Re: pg_dump performance

From: Jared Mauch <jared(at)puck(dot)nether(dot)net>
To: Gregory Stark <stark(at)enterprisedb(dot)com>
Cc: Jared Mauch <jared(at)puck(dot)nether(dot)net>, pgsql-performance(at)postgresql(dot)org
Subject: Re: pg_dump performance
Date: 2007-12-27 14:58:43
Message-ID: 20071227145843.GA96276@puck.nether.net
Views: Raw Message | Whole Thread | Download mbox | Resend email
Thread:
Lists: pgsql-performance

On Thu, Dec 27, 2007 at 01:14:25PM +0000, Gregory Stark wrote:
> "Jared Mauch" <jared(at)puck(dot)nether(dot)net> writes:
>
> > pg_dump is utilizing about 13% of the cpu and the
> > corresponding postgres backend is at 100% cpu time.
> > (multi-core, multi-cpu, lotsa ram, super-fast disk).
> >...
> > pg8.3(beta) with the following variances from default
> >
> > checkpoint_segments = 300 # in logfile segments, min 1, 16MB each
> > effective_cache_size = 512MB # typically 8KB each
> > wal_buffers = 128MB # min 4, 8KB each
> > shared_buffers = 128MB # min 16, at least max_connections*2, 8KB each
> > work_mem = 512MB # min 64, size in KB
>
> Fwiw those are pretty unusual numbers. Normally work_mem is much smaller than
> shared_buffers since you only need one block of memory for shared buffers and
> work_mem is for every query (and every sort within those queries). If you have
> ten queries running two sorts each this setting of work_mem could consume 5GB.

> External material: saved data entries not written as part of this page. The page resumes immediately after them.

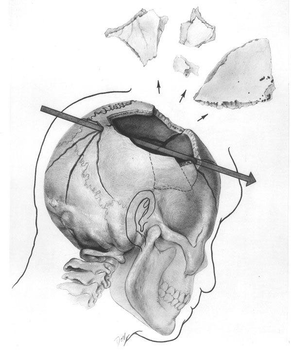 Diagram showing the trajectory of the bullet through President John F. Kennedy's skull. Skull fragments not drawn to scale. Made by medical illustrator Ida G. Dox, and published as Figure 29 on page 125 of volume 7 (Medical and Firearms Evidence) of the Appendix to Hearings Before the Select Committee on Assassinations of the U.S. House of Representatives (1979).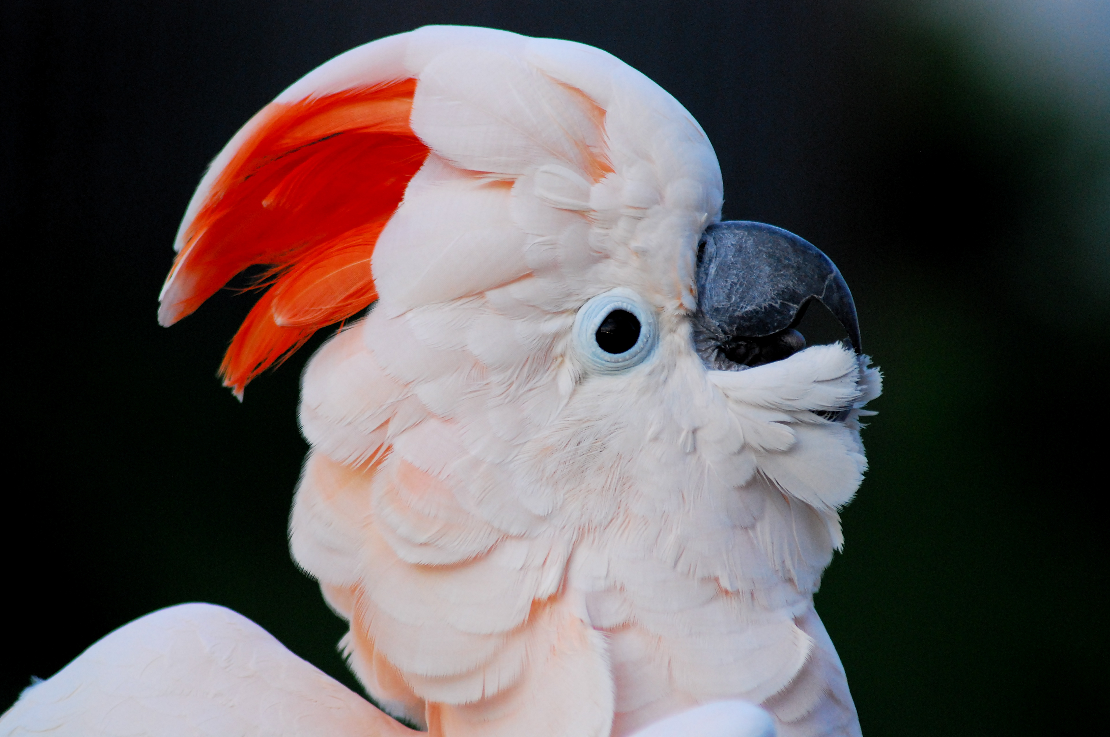 Cacatua moluccensis - Native to the Moluccas and Ceram Islands in Indonesia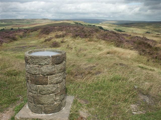 Toposcope, Lantern Pike. Also a monument, alas I forgot to record to whom... please contact me if you know, and I will add the info (credited of course!).

I'd still have lots of ram left :)

I'm dealing with normal query results that end up matching 5-10 million
rows based on the index (starttime) not counting the filter afterwards. Each
backend rarely makes it over 256m.

> Raising shared buffers could improve your pg_dump speed. If all the data is in
> cache it would reduce the time spend moving data between filesystem cache and
> postgres shared buffers.

I doubt it's all in cache, but I can look at this. I did not do a
lot of fine tuning of numbers, just enough to get past the defaults and have
an acceptable amount of performance.

> What made you raise wal_buffers so high? I don't think it hurts but that's a
> few orders of magnitude higher than what I would expect to help.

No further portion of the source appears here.